Extended thromboprophylaxis with NOAC after hospitalization for COVID-19 improves outcomes
Rivaroxaban versus no anticoagulation for post-discharge thromboprophylaxis after hospitalization for COVID-19 (MICHELLE): an open-label, multicentre, randomised, controlled trial
Introduction and methods
Use of prophylactic parenteral anticoagulants during hospitalization for COVID-19 is recommended, with consensus on the role of in-hospital heparin as primary thromboprophylaxis [1-3]. It is unclear what to do beyond the hospital stay and whether extended venous thromboembolism prophylaxis after hospitalization due to COVID-19 lowers venous thromboembolism, arterial thromboembolism or all-cause death [4-6].
This study investigated whether prophylaxis with rivaroxaban 10 mg/day for 35 days after discharge improved clinical outcomes in patients hospitalized with COVID-19.
The MICHELLE trial was an open-label, multicenter, randomized, controlled trial with blinded adjudication of outcomes in patient discharged after hospitalization for COVID-19, conducted in Brazil. Patients had to have an increased risk for venous thromboembolism (an elevated modified IMPROVE VTE score of 2-3 with a D-dimer >500 ng/mL or a score of ≥4. 320 Patients were randomized in a 1:1 ratio to rivaroxaban 10 mg/day or no anticoagulation for 35 days. At day 35, bilateral lower limb venous Doppler ultrasound and CT pulmonary angiograms were performed. Median hospitalization time was 8 days (IQR 6-12) and 52% of patients were in the ICU.
Primary efficacy outcome was a composite of symptomatic or fatal venous thromboembolism, asymptomatic venous thromboembolism detected by bilateral lower limb venous Doppler ultrasound and CT pulmonary angiogram, symptomatic arterial thromboembolism (MI, non-hemorrhagic stroke and major adverse limb event) and CV death at day 35.
Primary safety outcome was major bleeding, defined according to the ISTH criteria.

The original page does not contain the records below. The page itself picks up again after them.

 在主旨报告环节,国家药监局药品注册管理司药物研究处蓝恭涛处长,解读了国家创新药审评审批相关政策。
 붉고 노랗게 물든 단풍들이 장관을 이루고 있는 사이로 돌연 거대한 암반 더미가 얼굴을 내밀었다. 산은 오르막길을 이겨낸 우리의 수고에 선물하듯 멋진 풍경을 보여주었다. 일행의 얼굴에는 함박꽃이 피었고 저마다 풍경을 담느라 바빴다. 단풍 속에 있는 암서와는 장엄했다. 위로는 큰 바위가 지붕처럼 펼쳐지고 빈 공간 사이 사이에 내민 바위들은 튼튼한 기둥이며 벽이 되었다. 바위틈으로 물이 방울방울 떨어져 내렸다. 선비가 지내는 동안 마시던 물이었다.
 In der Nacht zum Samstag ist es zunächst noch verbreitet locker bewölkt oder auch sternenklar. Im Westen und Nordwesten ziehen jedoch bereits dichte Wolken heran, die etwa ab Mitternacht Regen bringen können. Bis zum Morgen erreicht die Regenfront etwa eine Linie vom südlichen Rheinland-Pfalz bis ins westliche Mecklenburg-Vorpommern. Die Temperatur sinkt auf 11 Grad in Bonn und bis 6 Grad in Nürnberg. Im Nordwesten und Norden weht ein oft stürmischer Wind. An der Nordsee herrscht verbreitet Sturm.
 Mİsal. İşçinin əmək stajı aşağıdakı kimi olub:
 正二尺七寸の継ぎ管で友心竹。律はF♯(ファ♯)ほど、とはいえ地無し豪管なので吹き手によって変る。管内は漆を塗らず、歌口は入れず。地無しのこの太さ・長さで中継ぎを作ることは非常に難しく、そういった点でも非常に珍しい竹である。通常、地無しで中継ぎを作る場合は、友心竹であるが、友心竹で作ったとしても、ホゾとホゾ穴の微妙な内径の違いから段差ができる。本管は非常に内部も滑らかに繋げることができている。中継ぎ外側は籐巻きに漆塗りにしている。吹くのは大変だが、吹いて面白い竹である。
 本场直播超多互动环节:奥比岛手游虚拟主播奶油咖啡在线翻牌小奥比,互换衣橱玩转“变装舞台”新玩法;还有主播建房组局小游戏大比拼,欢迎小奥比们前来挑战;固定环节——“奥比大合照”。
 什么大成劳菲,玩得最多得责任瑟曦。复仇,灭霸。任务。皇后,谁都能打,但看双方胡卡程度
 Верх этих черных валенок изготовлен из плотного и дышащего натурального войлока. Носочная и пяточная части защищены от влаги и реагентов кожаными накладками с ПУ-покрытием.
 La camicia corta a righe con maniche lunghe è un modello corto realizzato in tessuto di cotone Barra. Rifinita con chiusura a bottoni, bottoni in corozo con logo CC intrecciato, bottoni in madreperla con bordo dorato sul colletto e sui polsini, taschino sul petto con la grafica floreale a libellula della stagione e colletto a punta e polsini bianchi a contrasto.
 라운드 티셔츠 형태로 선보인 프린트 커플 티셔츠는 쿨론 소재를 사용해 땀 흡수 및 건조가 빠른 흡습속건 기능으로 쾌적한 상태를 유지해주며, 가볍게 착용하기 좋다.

- A primary efficacy outcome event occurred in 3.14% of patients in the rivaroxaban group and 9.43% in the control group (RR 0.33, 95%CI: 0.13-0.90, P=0.0293).

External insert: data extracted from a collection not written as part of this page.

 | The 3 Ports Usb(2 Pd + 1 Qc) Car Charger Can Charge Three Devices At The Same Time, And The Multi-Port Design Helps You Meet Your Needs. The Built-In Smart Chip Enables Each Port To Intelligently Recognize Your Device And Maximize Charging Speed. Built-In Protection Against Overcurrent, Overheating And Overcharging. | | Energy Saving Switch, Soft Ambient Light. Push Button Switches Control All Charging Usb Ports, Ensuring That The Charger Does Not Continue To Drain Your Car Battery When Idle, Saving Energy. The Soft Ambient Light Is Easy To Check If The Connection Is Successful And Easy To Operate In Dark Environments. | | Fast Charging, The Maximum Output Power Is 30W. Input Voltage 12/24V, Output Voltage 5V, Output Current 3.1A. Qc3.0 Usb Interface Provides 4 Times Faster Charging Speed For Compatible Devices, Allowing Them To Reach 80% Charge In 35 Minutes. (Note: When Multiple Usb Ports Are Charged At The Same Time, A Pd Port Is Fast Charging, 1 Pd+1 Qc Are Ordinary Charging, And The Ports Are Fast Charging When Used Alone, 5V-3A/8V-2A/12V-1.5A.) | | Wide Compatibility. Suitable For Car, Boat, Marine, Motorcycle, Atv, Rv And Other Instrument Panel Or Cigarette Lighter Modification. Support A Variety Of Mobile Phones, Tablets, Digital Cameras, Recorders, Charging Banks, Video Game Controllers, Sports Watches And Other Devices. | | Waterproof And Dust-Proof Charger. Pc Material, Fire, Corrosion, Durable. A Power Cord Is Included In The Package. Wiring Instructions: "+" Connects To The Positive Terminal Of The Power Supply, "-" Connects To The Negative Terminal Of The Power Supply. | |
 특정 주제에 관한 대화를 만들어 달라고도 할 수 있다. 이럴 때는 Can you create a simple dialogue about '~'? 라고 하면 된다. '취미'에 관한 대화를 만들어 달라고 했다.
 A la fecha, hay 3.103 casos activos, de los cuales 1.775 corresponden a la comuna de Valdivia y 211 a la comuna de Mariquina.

- This primary outcome was mainly driven by pulmonary embolism in the control group.
- There were no ISTH-defined major bleeding events in either group.

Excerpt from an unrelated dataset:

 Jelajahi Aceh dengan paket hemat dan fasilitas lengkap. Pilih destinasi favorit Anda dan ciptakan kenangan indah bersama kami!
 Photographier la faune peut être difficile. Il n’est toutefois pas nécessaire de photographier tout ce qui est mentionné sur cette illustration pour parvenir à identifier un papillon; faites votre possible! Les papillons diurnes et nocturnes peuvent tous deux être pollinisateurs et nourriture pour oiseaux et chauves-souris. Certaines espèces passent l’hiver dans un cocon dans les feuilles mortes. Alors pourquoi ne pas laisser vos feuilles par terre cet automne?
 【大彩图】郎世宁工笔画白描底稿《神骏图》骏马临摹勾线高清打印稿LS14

- Results were consistent across prespecified subgroups with no signs of heterogeneity.
- Symptomatic and fatal venous thromboembolism occurred in 1 patient in the rivaroxaban group and in 8 in the control group (RR 0.13, 95%CI:0.02-0.99, P=0.0487).
- Symptomatic venous thromboembolism and all-cause mortality occurred in 4 patients in the rivaroxaban group and 9 in the control group (RR 0.44, 95%CI:0.14-1.41, P=0.1696).
- The composite of symptomatic venous thromboembolism, MI, stroke or CV death occurred in 1 patient in the rivaroxaban group and in 9 patients in the control group (RR 0.11, 95%CI:0.01-0.98, P=0.0360).
- Clinically relevant non-major bleeding occurred in 2 patients in the rivaroxaban group and in 2 in the control group. The combination of major, clinically relevant non-major, and other bleeding occurred in 4 patients receiving rivaroxaban and in 3 allocated to no anticoagulation.
This open-label, multicenter, randomized, controlled trial of patients who were hospitalized with confirmed COVID-19 showed that extended post-discharge thromboprophylaxis with rivaroxaban for 35 days reduced the risk of the composite of venous or arterial thromboembolism or CV death compared to no anticoagulation. There was no increase in major bleeding in the rivaroxaban group.
The authors state that use of extended prophylaxis with rivaroxaban can be an attractive strategy in patients with creatinine clearance >30 mL/min who were hospitalized with COVID-19 and had an IMPROVE VTE score 2-3 plus increased D-dimer levels or an score of ≥4.